11 Steps To Take When You Feel Lonely and Depressed

Everyone has experienced feelings of loneliness and depression at some point, with both young and elderly people commonly reporting that they feel isolated and sad.

However, when these feelings become pervasive and seem impossible to shake, this could indicate a long-term problem that needs to be addressed.

The link between loneliness and depression is stronger than many people realise, with a number of studies showing that loneliness increases an individual’s chances of becoming depressed. [1]

Therefore, it is important to safeguard your mental health and take action if you notice feelings of isolation and sadness beginning to appear.

Why do I feel lonely and depressed?

Feelings of depression and loneliness can occur for many reasons, and it is often difficult to pinpoint a specific incident that may have triggered these emotions.

It’s possible to be surrounded by people and still feel incredibly lonely, particularly when you feel that your current relationships are not as authentic or intimate as you would like them to be. [2]

Similarly, many people appear to have the ‘perfect life’ when in reality they struggle with feeling depressed and unfulfilled.

Common factors that can make you feel lonely and depressed include:

  • Being fired or made redundant
  • Moving to a new area, town or country
  • Changing schools
  • Navigating a global pandemic
  • Switching to a new role or job
  • Having a child
  • Experiencing a traumatic event
  • Struggling with an addiction
  • Battling low self-esteem
  • Losing a friend
  • Struggling with infertility
  • Breaking up with a spouse or partner
  • Dealing with the death of a loved one
  • Being diagnosed with a physical or mental health condition

No matter what your personal circumstances may be, it’s important to recognise that your feelings are valid and that you have every right to feel this way.

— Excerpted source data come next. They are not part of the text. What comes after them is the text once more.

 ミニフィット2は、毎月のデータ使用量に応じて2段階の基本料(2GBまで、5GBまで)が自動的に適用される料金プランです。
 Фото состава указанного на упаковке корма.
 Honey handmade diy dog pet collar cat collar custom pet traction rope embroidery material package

What can I do when I feel lonely and depressed?

There are a number of steps that you can take when you begin to struggle with feelings of depression and loneliness.

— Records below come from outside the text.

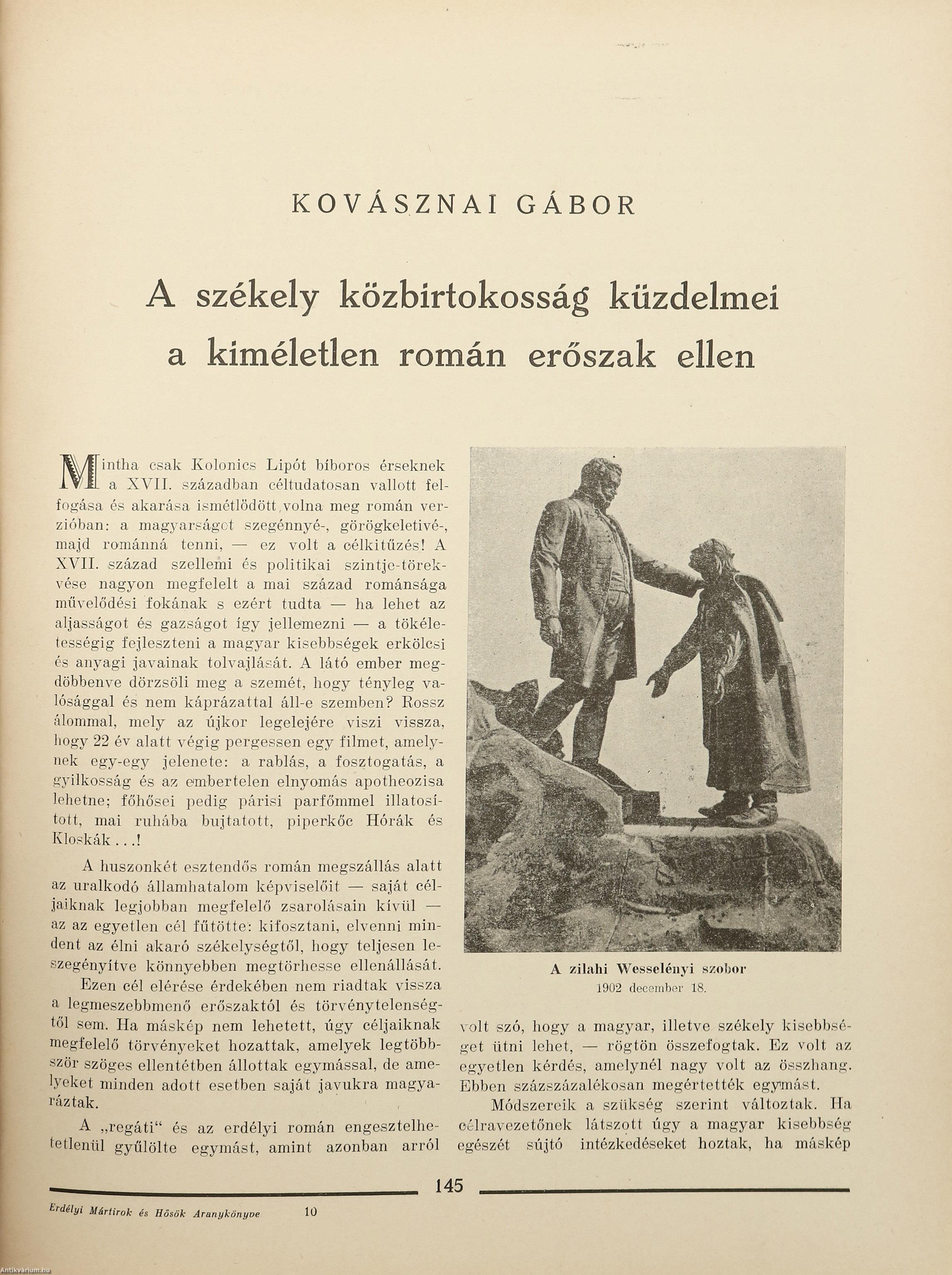 Kovásznai Gábor: A székely közbirtokosság küzdelmei a kiméletlen román erőszak ellen 145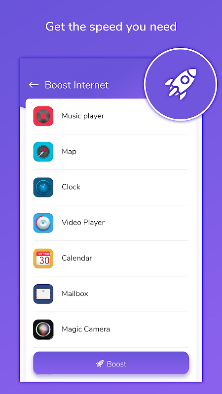 - Complete list of running apps which are using internet and to boost internet for better browsing.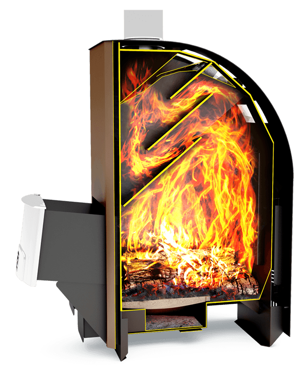 А для удобства подачи воды в глубь каменки, на более горячие камни, предусмотрен специальный лоток. Смотровое окно с термостойким стеклом позволяет наблюдать за огнем сидя прямо на полке парилки. В дополнение ко всему печь обладает многоходовой системой дымоудаления, что повышает КПД печи.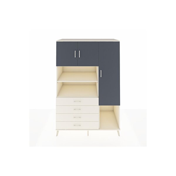 Dienni Mobilya Kronos Dolap 8 Raflı 4 Çekmeceli 3 Kapaklı 132x59x195 Aytaşı-antrasit/aytaşı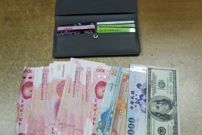 6月20日上午7點(diǎn)50分,我院保衛(wèi)處的徐永忠在門診大廳內(nèi)巡邏時(shí),發(fā)現(xiàn)一臺(tái)自助機(jī)上有一個(gè)灰色的女士錢包,和一旁的志愿者在大廳內(nèi)尋找失主未果,他馬上向班長(zhǎng)盧水良匯報(bào),并一起開包清點(diǎn),發(fā)現(xiàn)里面有人民幣2600元、以及美元、臺(tái)幣、港幣等,還有數(shù)張銀行卡及貴賓卡。

Your current emotions and experiences do not have to define your future, and it is possible to break away from negative self-talk and self-destructive mindsets in order to achieve a happier and more fulfilling life.

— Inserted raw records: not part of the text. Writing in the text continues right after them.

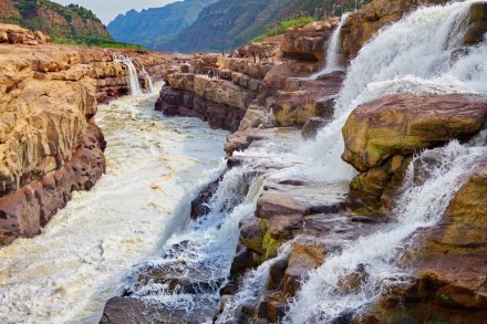 在高處河岸上,幾乎是看不到“龍槽”和黃河水流,只能看到紫褐色基巖河床中一線急騰翻卷的黃濁水塵和聽到轟鳴不息的奔騰濤聲。這槽中激流就象一鍋滾沸的水,左奔右奪,奔騰翻滾急下,激起的水霧彌漫在龍槽之上,使黃河在這里變得朦朦朧朧。每逢汛期黃河水漲時(shí),洪水溢出壺口龍槽一端,龍槽東岸會(huì)出現(xiàn)一道一、二千米長(zhǎng)的漫流水簾,十分壯觀。遠(yuǎn)望龍槽,彎彎曲曲的峽中石槽,活象一條搖頭擺尾的巨龍,壺口是龍頭,一口吞沒黃河巨流。孟門是龍尾,腹泄河水于下游。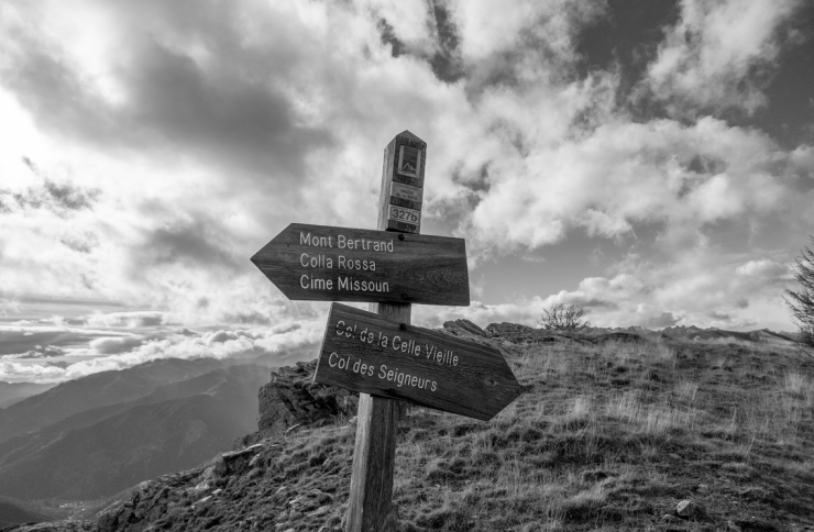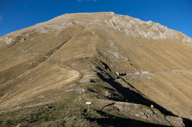 Si prosegue sempre sotto la cresta di confine con un lungo traverso in salita fino a che appare al di sopra la grossa croce del Monte Bertrand (2482 m).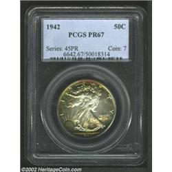 1942 50C PR67 PCGS. Bright overall and highly reflective in the fields, the brilliant centers are su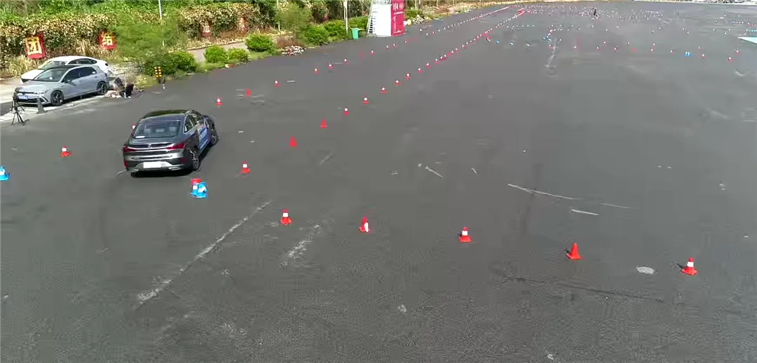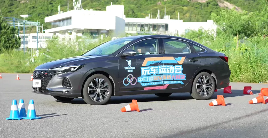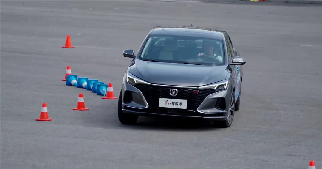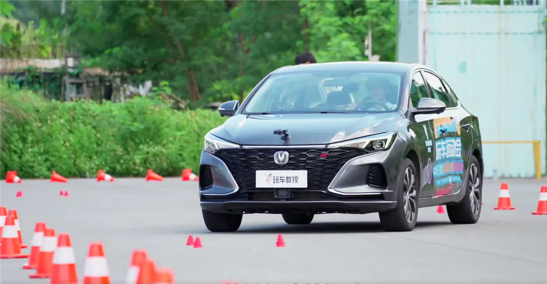 最后一个上场的是长安逸动PLUS,首先轮胎具备不俗的抓地力,再加上方向盘的指向性也很精准,以及灵活的车身响应。所以无论是经过S形弯道、两个直角弯、绕桩,长安逸动PLUS相比其余两者都显得更加从容。

1. Write down your thoughts

Taking the time to write down your thoughts can help to clear your mind and allow you to organise your emotions and feelings.

Often we can unconsciously hold certain beliefs that are incorrect, such as ‘I don’t deserve a partner’ or ‘I’m worthless because I am overweight.’ Seeing these beliefs written down can help you to spot any patterns of negative self-talk and take steps to change your mindset.

It can also be a relief to unload your burdens on paper, safe in the knowledge that it will never be read or judged by others. You don’t need to write every day if this is too large of a commitment, but even a weekly thought-dumping exercise can work wonders on your mood.

2. Speak to someone you trust

When you’re feeling lonely and depressed, it’s important to remember that you don’t need to suffer in silence.

The expression ‘A problem shared is a problem halved’ still rings true to this day, and sharing your thoughts with a trusted friend or family member can help you to feel less alone and may provide a differing view or solution that can change the way you see your situation.

If you feel uncomfortable with the idea of speaking to friends or family, the Samaritans can also provide a supportive and non-judgemental listening ear.

2. Keep a gratitude journal

It can be easy to focus on the negative aspects of your life when you’re feeling lonely and depressed, so making a concerted effort to identify positive events and experiences each day can help you to feel grateful for what you currently have.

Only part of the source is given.